Work required: Only an exact reprint of all the data is acceptable.

--- Records Enclosed Below ---

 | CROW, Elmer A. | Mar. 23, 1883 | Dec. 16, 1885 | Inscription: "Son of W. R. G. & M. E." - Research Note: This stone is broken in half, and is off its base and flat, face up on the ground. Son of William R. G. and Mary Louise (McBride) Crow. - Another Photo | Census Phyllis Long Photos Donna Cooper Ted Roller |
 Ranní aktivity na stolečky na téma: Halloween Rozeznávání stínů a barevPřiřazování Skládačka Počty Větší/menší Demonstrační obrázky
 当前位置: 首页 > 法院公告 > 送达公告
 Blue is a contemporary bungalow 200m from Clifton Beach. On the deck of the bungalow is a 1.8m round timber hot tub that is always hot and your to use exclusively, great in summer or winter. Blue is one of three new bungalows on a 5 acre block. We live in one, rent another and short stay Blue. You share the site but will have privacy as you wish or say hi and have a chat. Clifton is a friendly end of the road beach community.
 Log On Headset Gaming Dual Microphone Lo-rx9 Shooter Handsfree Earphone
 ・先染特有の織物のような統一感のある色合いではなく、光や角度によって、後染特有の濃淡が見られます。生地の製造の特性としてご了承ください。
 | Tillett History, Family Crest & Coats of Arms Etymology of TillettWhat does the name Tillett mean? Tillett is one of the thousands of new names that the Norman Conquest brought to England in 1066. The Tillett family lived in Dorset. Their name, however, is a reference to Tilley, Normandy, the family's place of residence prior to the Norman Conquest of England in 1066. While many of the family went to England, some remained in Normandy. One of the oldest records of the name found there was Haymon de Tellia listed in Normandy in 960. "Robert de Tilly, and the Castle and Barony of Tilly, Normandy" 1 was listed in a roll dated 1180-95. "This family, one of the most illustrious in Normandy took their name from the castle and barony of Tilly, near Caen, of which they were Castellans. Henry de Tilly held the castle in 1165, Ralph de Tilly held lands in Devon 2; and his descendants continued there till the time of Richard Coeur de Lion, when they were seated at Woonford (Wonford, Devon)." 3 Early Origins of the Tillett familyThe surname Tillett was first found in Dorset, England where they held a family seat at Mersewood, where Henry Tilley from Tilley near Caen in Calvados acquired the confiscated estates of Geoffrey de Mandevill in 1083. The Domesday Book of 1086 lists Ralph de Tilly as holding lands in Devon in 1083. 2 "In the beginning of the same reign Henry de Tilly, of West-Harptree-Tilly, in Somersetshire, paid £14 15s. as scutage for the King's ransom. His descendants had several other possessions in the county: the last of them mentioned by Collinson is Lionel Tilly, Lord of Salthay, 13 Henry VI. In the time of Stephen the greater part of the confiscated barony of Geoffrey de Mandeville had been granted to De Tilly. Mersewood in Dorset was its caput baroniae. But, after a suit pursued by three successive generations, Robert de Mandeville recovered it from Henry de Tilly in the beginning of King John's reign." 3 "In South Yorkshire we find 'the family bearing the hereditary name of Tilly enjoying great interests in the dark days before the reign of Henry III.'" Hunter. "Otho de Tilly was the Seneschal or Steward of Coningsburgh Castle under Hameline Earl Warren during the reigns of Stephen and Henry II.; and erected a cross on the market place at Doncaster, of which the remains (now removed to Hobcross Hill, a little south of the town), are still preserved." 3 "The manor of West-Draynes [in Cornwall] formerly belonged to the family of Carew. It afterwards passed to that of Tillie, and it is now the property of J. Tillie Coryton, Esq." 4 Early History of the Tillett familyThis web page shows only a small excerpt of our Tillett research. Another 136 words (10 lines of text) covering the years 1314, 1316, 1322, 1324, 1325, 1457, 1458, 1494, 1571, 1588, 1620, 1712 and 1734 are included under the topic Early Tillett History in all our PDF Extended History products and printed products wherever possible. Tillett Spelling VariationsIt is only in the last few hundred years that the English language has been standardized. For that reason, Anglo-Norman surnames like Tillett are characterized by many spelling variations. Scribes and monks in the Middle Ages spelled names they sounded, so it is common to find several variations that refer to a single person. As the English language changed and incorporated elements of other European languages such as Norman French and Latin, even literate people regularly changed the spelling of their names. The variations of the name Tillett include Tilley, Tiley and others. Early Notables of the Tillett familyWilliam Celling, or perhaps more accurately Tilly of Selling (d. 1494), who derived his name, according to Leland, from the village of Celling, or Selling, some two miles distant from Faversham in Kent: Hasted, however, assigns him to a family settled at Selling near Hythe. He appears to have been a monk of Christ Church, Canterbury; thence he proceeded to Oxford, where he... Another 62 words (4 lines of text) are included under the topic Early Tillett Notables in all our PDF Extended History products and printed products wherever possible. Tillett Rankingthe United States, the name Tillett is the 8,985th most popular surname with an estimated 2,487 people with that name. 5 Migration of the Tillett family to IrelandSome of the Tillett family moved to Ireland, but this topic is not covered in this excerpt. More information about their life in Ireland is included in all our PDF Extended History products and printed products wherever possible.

--- End of Enclosed Records ---

Answer to this exercise:
 | CROW, Elmer A. | Mar. 23, 1883 | Dec. 16, 1885 | Inscription: "Son of W. R. G. & M. E." - Research Note: This stone is broken in half, and is off its base and flat, face up on the ground. Son of William R. G. and Mary Louise (McBride) Crow. - Another Photo | Census Phyllis Long Photos Donna Cooper Ted Roller |
 Ranní aktivity na stolečky na téma: Halloween Rozeznávání stínů a barevPřiřazování Skládačka Počty Větší/menší Demonstrační obrázky
 当前位置: 首页 > 法院公告 > 送达公告
 Blue is a contemporary bungalow 200m from Clifton Beach. On the deck of the bungalow is a 1.8m round timber hot tub that is always hot and your to use exclusively, great in summer or winter. Blue is one of three new bungalows on a 5 acre block. We live in one, rent another and short stay Blue. You share the site but will have privacy as you wish or say hi and have a chat. Clifton is a friendly end of the road beach community.
 Log On Headset Gaming Dual Microphone Lo-rx9 Shooter Handsfree Earphone
 ・先染特有の織物のような統一感のある色合いではなく、光や角度によって、後染特有の濃淡が見られます。生地の製造の特性としてご了承ください。
 | Tillett History, Family Crest & Coats of Arms Etymology of TillettWhat does the name Tillett mean? Tillett is one of the thousands of new names that the Norman Conquest brought to England in 1066. The Tillett family lived in Dorset. Their name, however, is a reference to Tilley, Normandy, the family's place of residence prior to the Norman Conquest of England in 1066. While many of the family went to England, some remained in Normandy. One of the oldest records of the name found there was Haymon de Tellia listed in Normandy in 960. "Robert de Tilly, and the Castle and Barony of Tilly, Normandy" 1 was listed in a roll dated 1180-95. "This family, one of the most illustrious in Normandy took their name from the castle and barony of Tilly, near Caen, of which they were Castellans. Henry de Tilly held the castle in 1165, Ralph de Tilly held lands in Devon 2; and his descendants continued there till the time of Richard Coeur de Lion, when they were seated at Woonford (Wonford, Devon)." 3 Early Origins of the Tillett familyThe surname Tillett was first found in Dorset, England where they held a family seat at Mersewood, where Henry Tilley from Tilley near Caen in Calvados acquired the confiscated estates of Geoffrey de Mandevill in 1083. The Domesday Book of 1086 lists Ralph de Tilly as holding lands in Devon in 1083. 2 "In the beginning of the same reign Henry de Tilly, of West-Harptree-Tilly, in Somersetshire, paid £14 15s. as scutage for the King's ransom. His descendants had several other possessions in the county: the last of them mentioned by Collinson is Lionel Tilly, Lord of Salthay, 13 Henry VI. In the time of Stephen the greater part of the confiscated barony of Geoffrey de Mandeville had been granted to De Tilly. Mersewood in Dorset was its caput baroniae. But, after a suit pursued by three successive generations, Robert de Mandeville recovered it from Henry de Tilly in the beginning of King John's reign." 3 "In South Yorkshire we find 'the family bearing the hereditary name of Tilly enjoying great interests in the dark days before the reign of Henry III.'" Hunter. "Otho de Tilly was the Seneschal or Steward of Coningsburgh Castle under Hameline Earl Warren during the reigns of Stephen and Henry II.; and erected a cross on the market place at Doncaster, of which the remains (now removed to Hobcross Hill, a little south of the town), are still preserved." 3 "The manor of West-Draynes [in Cornwall] formerly belonged to the family of Carew. It afterwards passed to that of Tillie, and it is now the property of J. Tillie Coryton, Esq." 4 Early History of the Tillett familyThis web page shows only a small excerpt of our Tillett research. Another 136 words (10 lines of text) covering the years 1314, 1316, 1322, 1324, 1325, 1457, 1458, 1494, 1571, 1588, 1620, 1712 and 1734 are included under the topic Early Tillett History in all our PDF Extended History products and printed products wherever possible. Tillett Spelling VariationsIt is only in the last few hundred years that the English language has been standardized. For that reason, Anglo-Norman surnames like Tillett are characterized by many spelling variations. Scribes and monks in the Middle Ages spelled names they sounded, so it is common to find several variations that refer to a single person. As the English language changed and incorporated elements of other European languages such as Norman French and Latin, even literate people regularly changed the spelling of their names. The variations of the name Tillett include Tilley, Tiley and others. Early Notables of the Tillett familyWilliam Celling, or perhaps more accurately Tilly of Selling (d. 1494), who derived his name, according to Leland, from the village of Celling, or Selling, some two miles distant from Faversham in Kent: Hasted, however, assigns him to a family settled at Selling near Hythe. He appears to have been a monk of Christ Church, Canterbury; thence he proceeded to Oxford, where he... Another 62 words (4 lines of text) are included under the topic Early Tillett Notables in all our PDF Extended History products and printed products wherever possible. Tillett Rankingthe United States, the name Tillett is the 8,985th most popular surname with an estimated 2,487 people with that name. 5 Migration of the Tillett family to IrelandSome of the Tillett family moved to Ireland, but this topic is not covered in this excerpt. More information about their life in Ireland is included in all our PDF Extended History products and printed products wherever possible.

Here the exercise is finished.